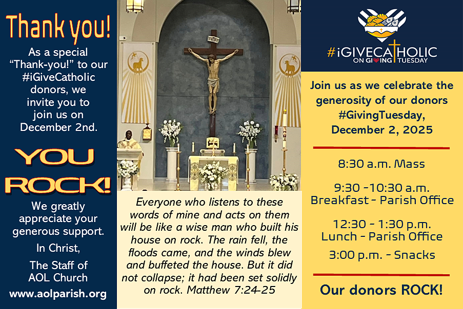 As a special “Thank you!” for our 2025 donors, we are planning a day full of fun, food and fellowship at the parish office on #GivingTuesday, December 2, 2025. Please see details below.
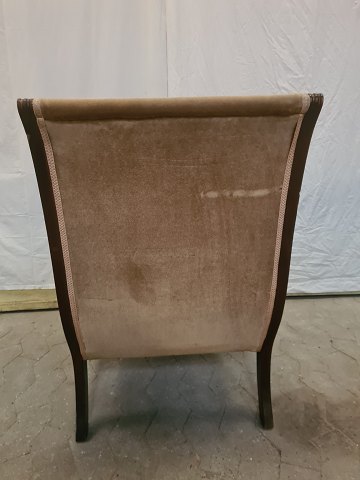 Lænestol i mahogni med velourbetræk, fra 1980erne.
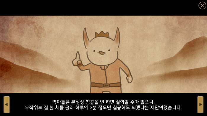 게임의 스토리는 악마족과 인간들이 수백년동안 전쟁을 치루다가 악마족이 집 한채를 하루에 3분만 침공한다는 조건으로 평화 조약을 맺고 왕국에는 평화가 찾아오게 됩니다.
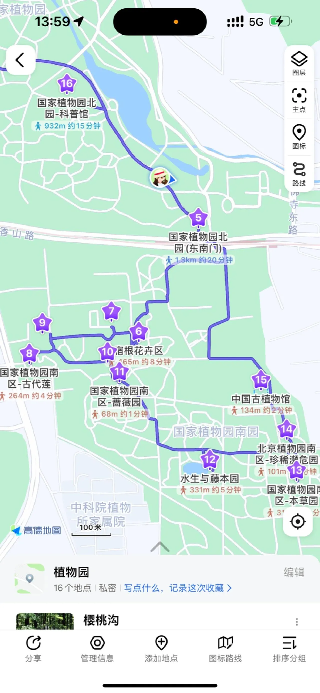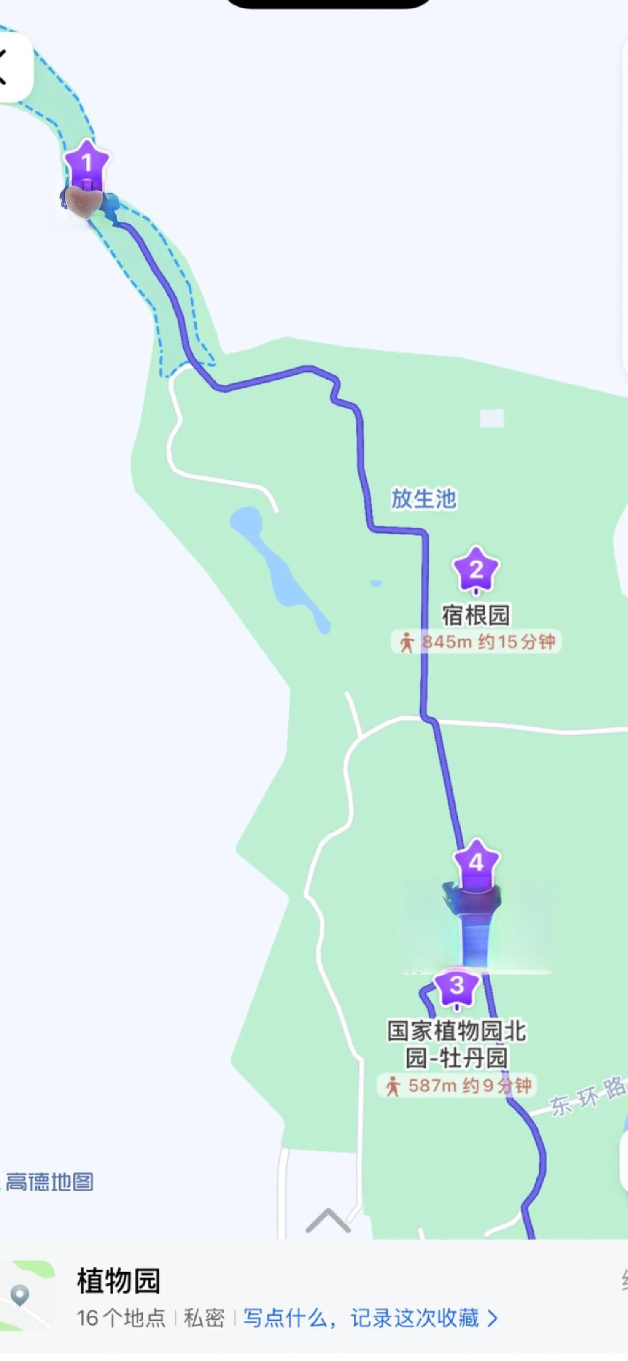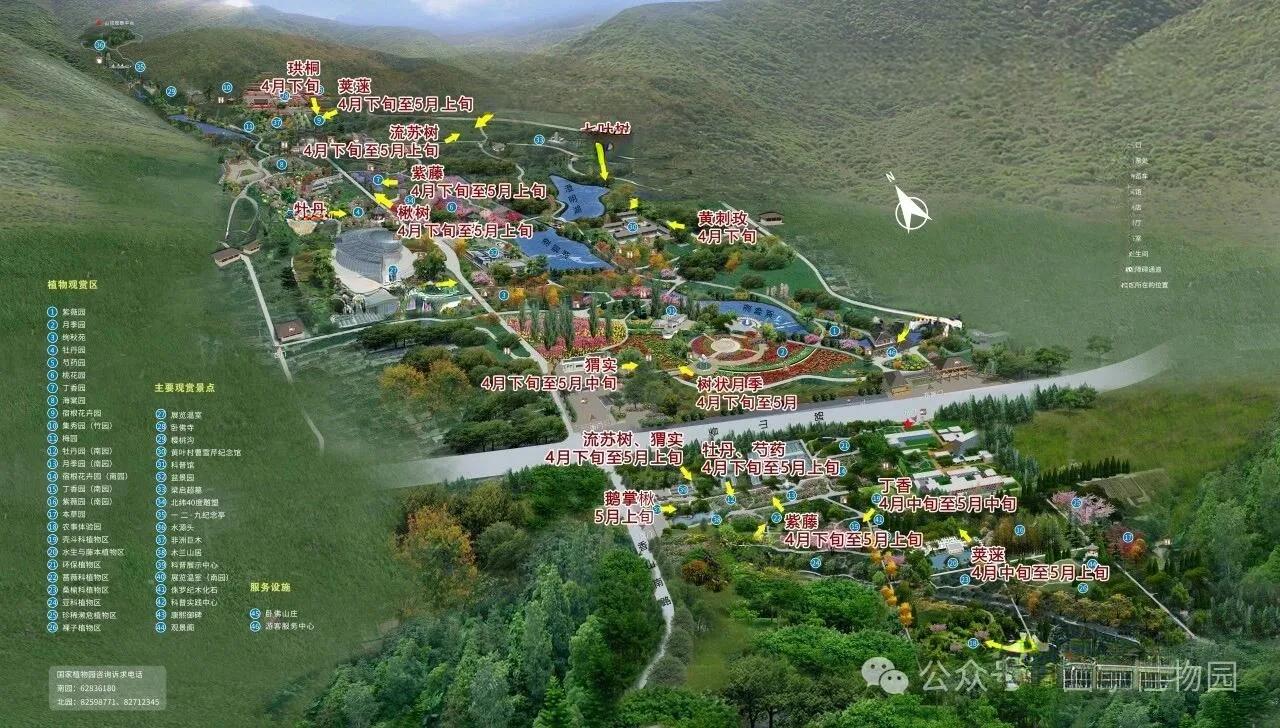我的游览路线是:从北园东南门进入,乘坐摆渡车到卧佛寺,然后依次游览了樱桃沟(有水杉喷雾)、宿根园(可以看到珙桐、木绣球、铃兰、鹅掌楸)、丁香园、牡丹园、郁金香花园(有猬实)。之后前往南园,游览了宿根花卉区(有鸢尾和铃兰)、展览温室、香山植物园宿舍附近(有猬实)、古代莲附近(有鹅掌楸)、水生与藤本园(可以看到忍冬、流苏、泡桐)、草本园、珍稀濒危园(有猬实)和古植物园,最后从北园南门离开。
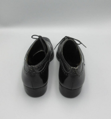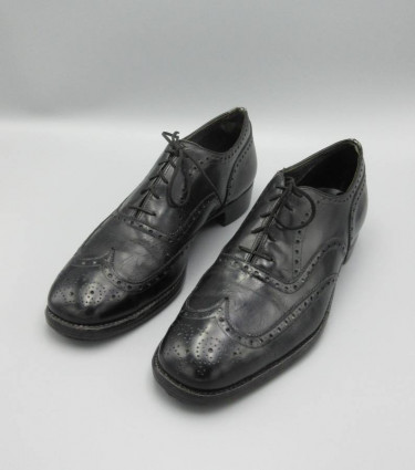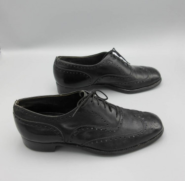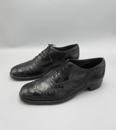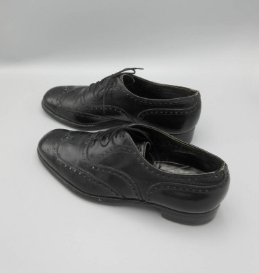 This is a vintage pair of men’s Johnson & Murphy Crown Aristocrat black oxford wingtip lace-up dress shoes, B-37085/24-5681-506. The shoes are men’s size 11D. They show signs of age and wear. The tongue of the right shoe is sewn to the body of the shoe, but it does not affect the wearing or the fit of ...
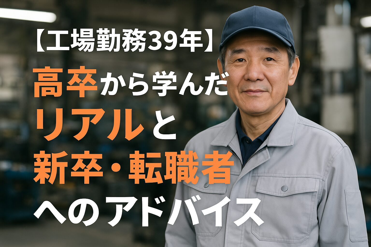 【工場勤務39年】高卒から学んだリアルと、新卒・転職者へのアドバイス 2025.11.16 工場勤務 じゅん 昭和から工場きんむ 30年経験してきた生産技術者が語る!工場を支える生産技術職とは? 2025.06.29 生産技術 じゅん 昭和から工場きんむ 【50代後半の実体験】定年まで数年、転職を決意した理由とその後 2025.04.27 転職 じゅん 昭和から工場きんむ
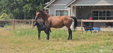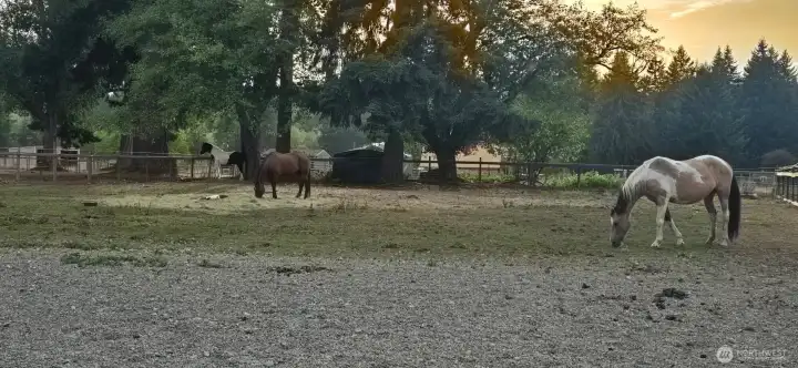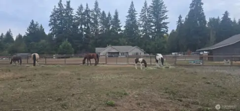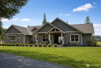 Wow -a 196' x 118' riding arena for training and the custom-built Craftsman rambler for living and entertaining! 5 level acres, fully fenced and cross-fenced, where elevated design meets exceptional functionality for horse and farm enthusiasts alike. A rare opportunity to own a thoughtfully designed 5-acre equestrian property - features, scale, and usability rarely seen at this price point. Tucked at the end of a private drive, this property offers refined living and a fully equipped setup. Stunning great room with vaulted ceilings, rich laminate flooring, and gas fireplace with stone surround. Designer kitchen with quartz counters, full-height backsplash, copper sink, gas range, and large island. Dining room with French doors opens to covered patio. Primary suite with patio access and spa-like 5-piece bath with copper tub and vessel sinks. Two additional bedrooms, office with French doors, and finished garage. Six pastures with water spigots, multiple shelters including oversized foaling shelter, plus 36x36 drive-through barn with attached covered area, hay storage, custom breeding chute, and layup pasture. Gated entry, security system, manicured grounds, and easy access to JBLM, I-5, and nearby amenities.
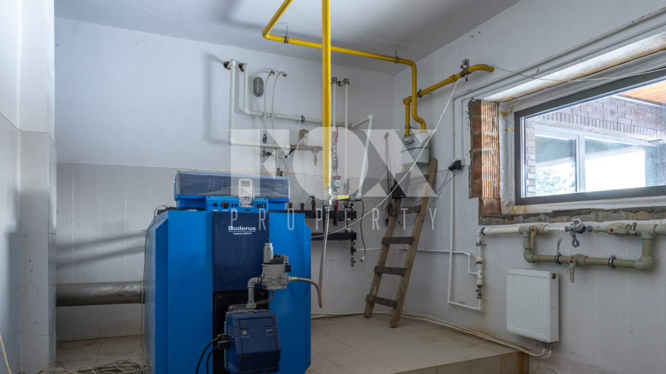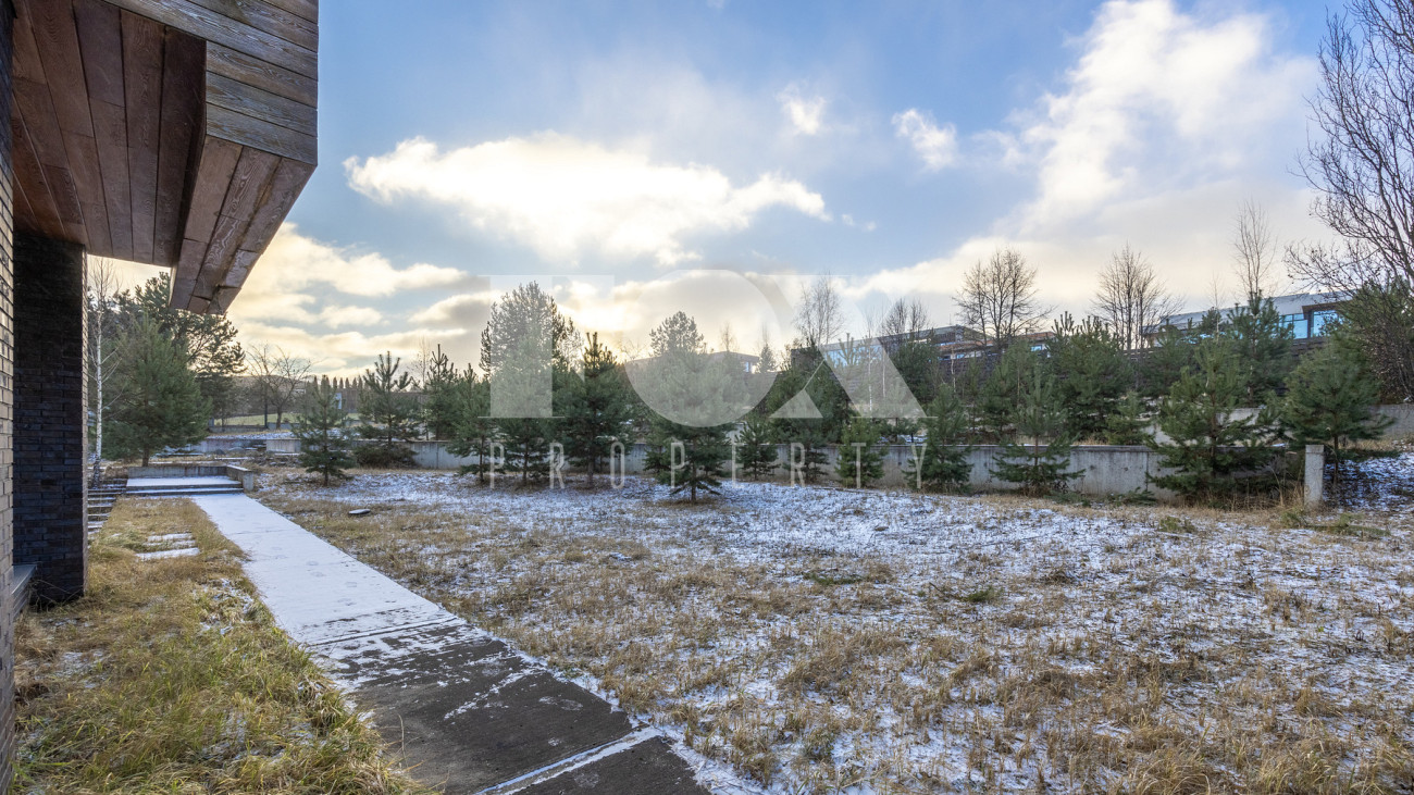 На благоустроенном участке выполнен ландшафтный дизайн с террасированием и подпорными стенами, где гармонично интегрированы большие камни, разбит парк из более чем двадцати крупных деревьев, проложено множество прогулочных дорожек и подготовлен фундамент под летнюю веранду или беседку, оборудован гараж на 4 автомобиля.
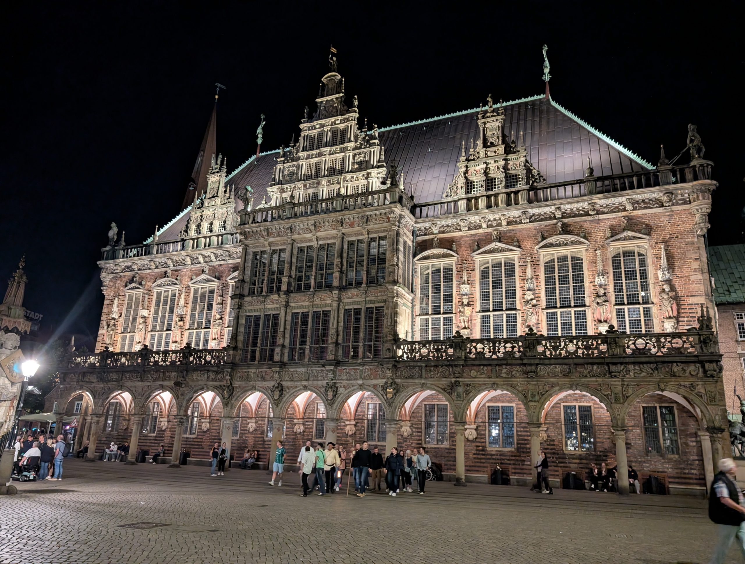 Bei unerwartet schönem Reisewetter waren wir mit 13 TT-lern (mit Anhang) drei Tage (20. – 22.9.2025) mit der Deutschen Bahn unterwegs, die Hansestadt Bremen zu erkunden. Eine Fahrt erster Klasse und ein 4-Sterne Hotel waren gebucht. Belohnung für „überragende“ Tischtennis Runde muss sein.

▸ What you should do
Nothing but the lines from the one with "Lænestol i mahogni" to the one with "転職 じゅん 昭和から工場きんむ" above, both included, should be transcribed, exactly and without pictures.

▸ Expected output
 Lænestol i mahogni med velourbetræk, fra 1980erne.
 게임의 스토리는 악마족과 인간들이 수백년동안 전쟁을 치루다가 악마족이 집 한채를 하루에 3분만 침공한다는 조건으로 평화 조약을 맺고 왕국에는 평화가 찾아오게 됩니다.
我的游览路线是:从北园东南门进入,乘坐摆渡车到卧佛寺,然后依次游览了樱桃沟(有水杉喷雾)、宿根园(可以看到珙桐、木绣球、铃兰、鹅掌楸)、丁香园、牡丹园、郁金香花园(有猬实)。之后前往南园,游览了宿根花卉区(有鸢尾和铃兰)、展览温室、香山植物园宿舍附近(有猬实)、古代莲附近(有鹅掌楸)、水生与藤本园(可以看到忍冬、流苏、泡桐)、草本园、珍稀濒危园(有猬实)和古植物园,最后从北园南门离开。
 This is a vintage pair of men’s Johnson & Murphy Crown Aristocrat black oxford wingtip lace-up dress shoes, B-37085/24-5681-506. The shoes are men’s size 11D. They show signs of age and wear. The tongue of the right shoe is sewn to the body of the shoe, but it does not affect the wearing or the fit of ...
 【工場勤務39年】高卒から学んだリアルと、新卒・転職者へのアドバイス 2025.11.16 工場勤務 じゅん 昭和から工場きんむ 30年経験してきた生産技術者が語る!工場を支える生産技術職とは? 2025.06.29 生産技術 じゅん 昭和から工場きんむ 【50代後半の実体験】定年まで数年、転職を決意した理由とその後 2025.04.27 転職 じゅん 昭和から工場きんむ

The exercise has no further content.